Ну, еще допускаю, что дон Хосе числился в розыске как дезертир, подозреваемый к тому же в нападении на своего начальника. Это если у органов Севильи и Кордовы в 1830 году имелась общая база данных.

И всего этого вам хватило, чтобы с легким сердцем (не правда ли?) послать дона Хосе на эшафот не за одно лишь убийство из, предположим, ревности (тоже, думали вы, нашелся герой романса!) – но по совокупности преступлений, в том числе – убийств, и в том числе – низких (это до чего же надо докатиться – укокошить мирного иностранного ученого ради золотой безделушки).

Ведь это от вас – от кого же еще – тот доминиканец узнал формулу, так сказать, обвинительного заключения:

«– Добро бы он еще только воровал. Но он совершил несколько убийств, одно другого ужаснее».

Однако вы составили (понятно, в уме) это заключение и огласили соответствующий приговор, руководствуясь исключительно классовым чутьем и реакционным правосознанием.
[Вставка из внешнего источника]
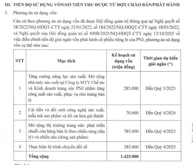 Với số tiền thu được từ đợt chào bán, PNJ đã sử dụng 285 tỷ đồng vào mục đích tăng cường năng lực sản xuất, cụ thể là mở rộng nhà máy sản xuất tại Công ty MTV Chế tác và Kinh doanh trang sức PNJ nhằm tăng công suất sản xuất, phục vụ cho mảng bán lẻ.
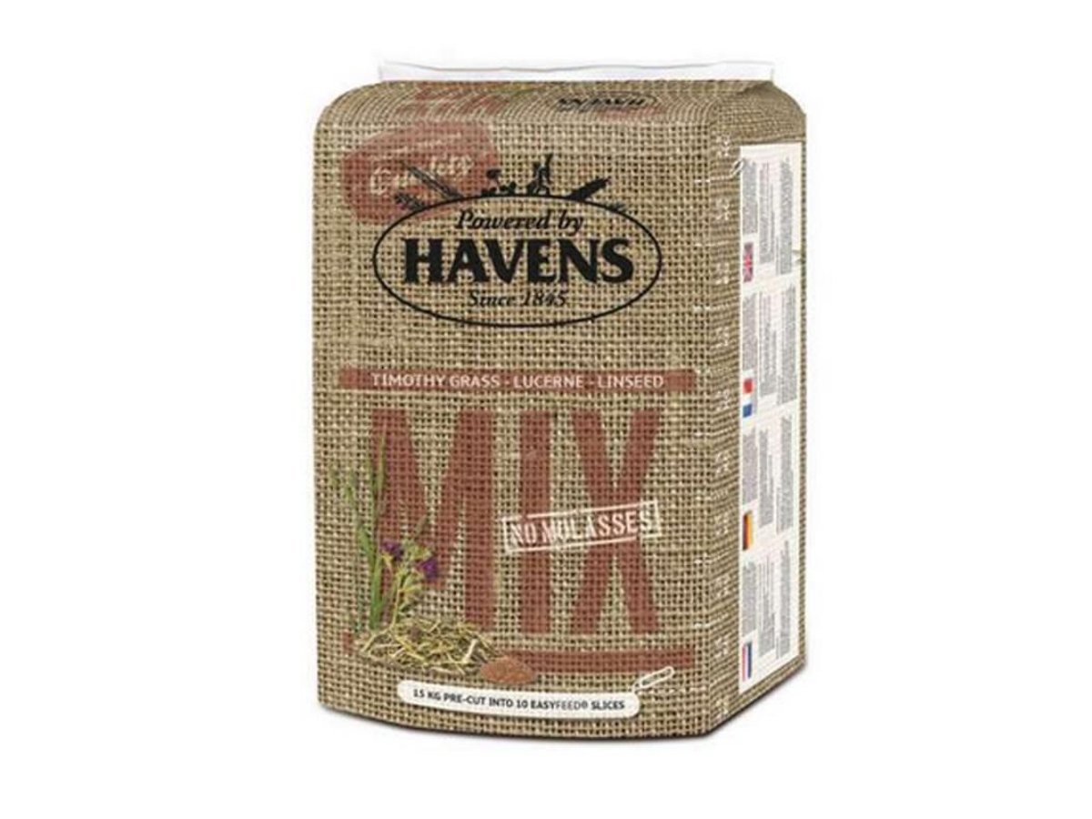 Havens Mix Havens Mix ist ein hervorragender Raufutter-Ergänzer, der reich an Proteinen und Aminosäuren aus der Luzerne mit seinem hohen Rohfasergehalt für eine reibungslose Verdauung bei gleichzeitiger Förderung der Muskulatur und Vitalität sorgt. Eigenschaften Raufutter mit Wiesenlieschgras mit Luzerne (Alfalfa) mit Leinsamenöl: reich an Omega-Fettsäuren ohne Zuckerzusatz melassefrei getreidefrei staubfrei rohfaserreich reich an Proteinen und Aminosäuren mit einem optimalen Calcium-Phosphorverhältniss von 2:1 reich an Rohfaser aus dem Wiesenlieschgras sorgt für Kautätigkeit und ausreichend Einspeichelung des Futters Besonders geeignet: für Pferde in leichter bis mittlerer Arbeit für Sportpferde mit Getreideallergie für Pferde mit Stoffwechselproblemen für unterwegs auf Turnieren Verpackung:15 kg
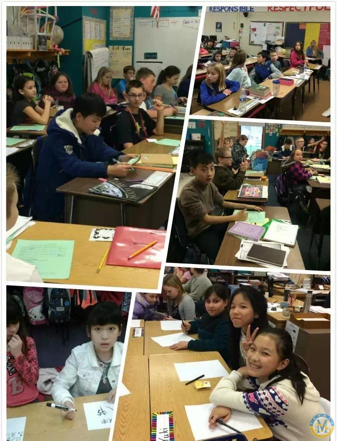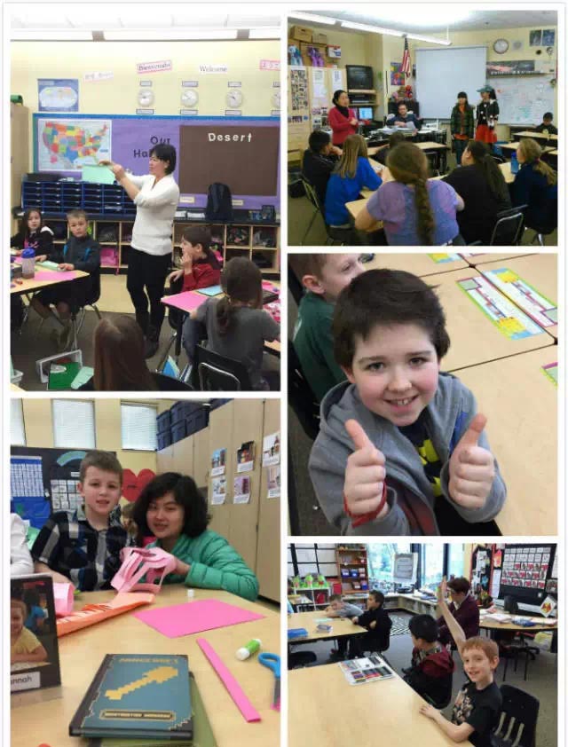 Aumsville小學組的帶隊老師今天的教學任務也很重,需要接著給6個班的孩子上課。因為今天和明天是給3-5年級學生上課,我們的營員們就是插班在這些班級中,所以每到一個班都能看到自己的孩子,我們也可以觀察到孩子上課的表現,以及與外國同學的融入情況。

Фактически, кроме непроверенных подозрений и непроверенных сообщений, у вас не было на дона Хосе ровно ничего. Одна-единственная улика – эти самые часы с репетиром.

Как вдруг их владелец, мирный иностранный ученый, объявился в Кордове, вполне живой, ни малейших повреждений. То есть из дела выпал целый эпизод – причем практически единственный, представлявшийся доказанным. А пресловутая улика много потеряла в весе и стала несколько загадочной. И это накануне дня исполнения приговора.

Конечно, вы не стали его пересматривать из-за такого пустяка, – очень даже вас понимаю. Но помимо правосознания – простой инстинкт ищейки разве не подсказывал вам: на всякий случай – допроси этого мнимого потерпевшего, допроси, что-то с этими часиками не тик-так?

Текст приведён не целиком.